Rasam contributes to the basic South Indian Meals. It is prepared with different variations making it taste completely different every time.
Tomato Rasam is one of the most famous form of Rasam. It will be served in all the South Indian Functions and Marriages. Jeera-Milagu rasam made from cumin seeds and Pepper is considered to be medicinal and is usually consumed by people suffering from cold and fever. And of course Pineapple rasam for all those of you who love the fruit.These are some variations of the rasam (there are many more ...).
Rasam is healthy and a great digestive aid. Rasam's main ingredients are tomato and tamarind or lemon juice. It is typically served over white rice, but you could drink it as a soup.
Here is the recipe for Jeera-milagu rasam.
Toor dal/red gram - 1/2 cup
Chopped tomatoes - 1 medium sized
Lemon - 1/2 piece
Coriander leaves - a small bunch
Curry leaves - 3 to 4
Turmeric - 1/2 tsp
Pepper - 3/4 tsp
Cumin seeds - 1 tsp
Curry leaves - 4
Clarified butter/ ghee - 2 tbsp
Mustard - 2 tsp
Cumin seeds - 2 tsp
Asafoetida/Hing - 1/4 tsp
Heat a small pan and fry the pepper and cumin seeds till you get a aroma from them. Grind them to a fine powder and keep it aside.
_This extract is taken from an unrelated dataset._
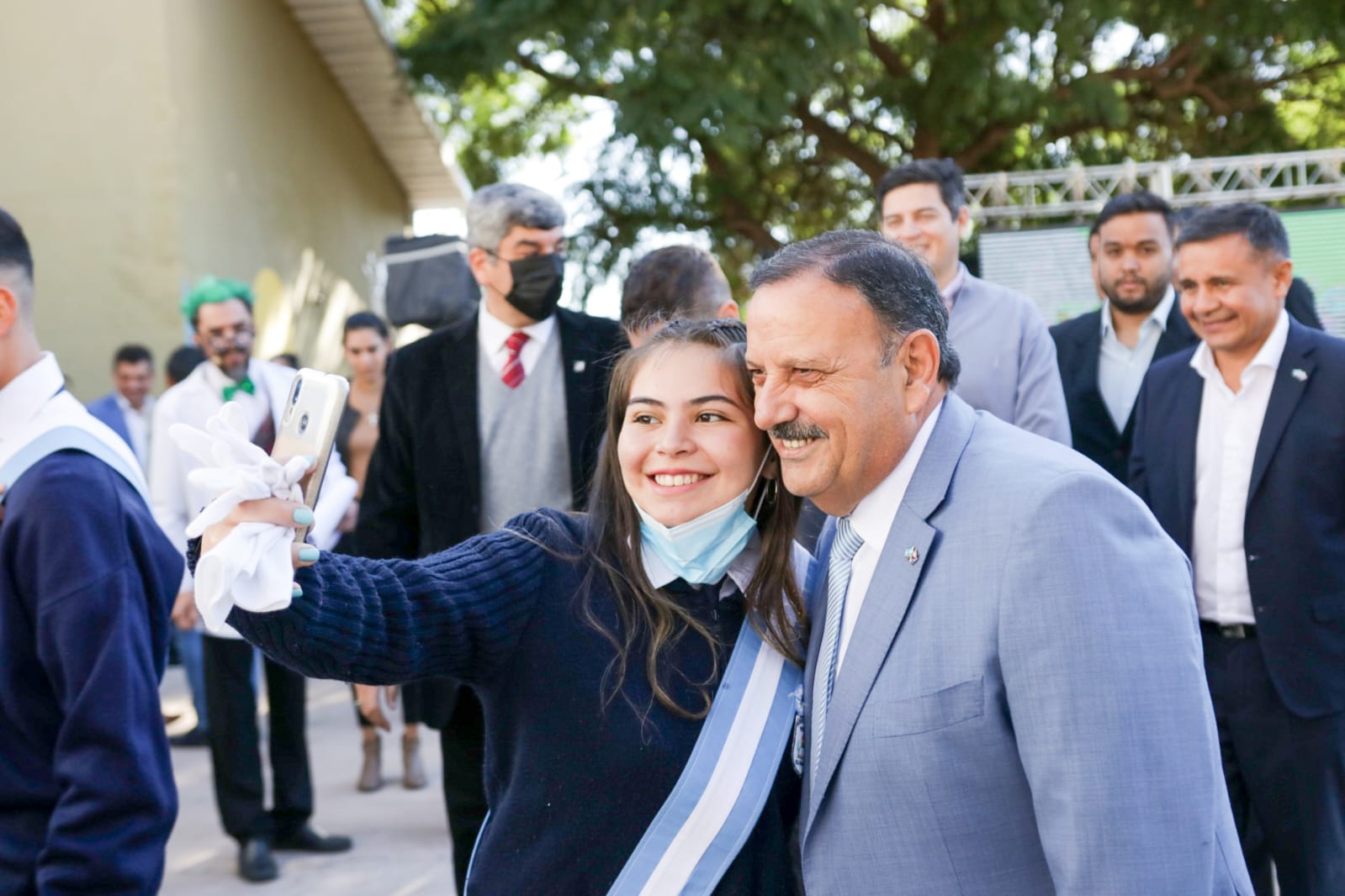 En el marco del 431° aniversario del Departamento Sanagasta, el gobernador, Ricardo Quintela, visitó el Colegio Secundario Provincial con el programa en vivo Estamos en la Escuela donde encabezó el acto de inauguración de la primera Aula Maker que permitirá a los estudiantes tener un mejor acceso a la educación. En la oportunidad, recorrió la obra del predio deportivo que pretende promover la práctica deportiva en los estudiantes.

Cook the toor dal and mash it.
Cook the chopped tomatoes adding curry leaves, salt, turmeric powder and enough water. When the tomatoes are cooked, add the mashed dal and the pepper/cumin powder and let it boil for 4-5 mins.
Add lemon juice and adjust salt. Remove from heat
In a seasoning wok/pan add ghee.
When it is hot add mustard seeds. When mustard splutters, add cumin seeds.
Then add hing and curry leaves.
Pour this seasoning to the rasam.
Garnish with chopped coriander leaves.
Serve with rice or drink it as a soup.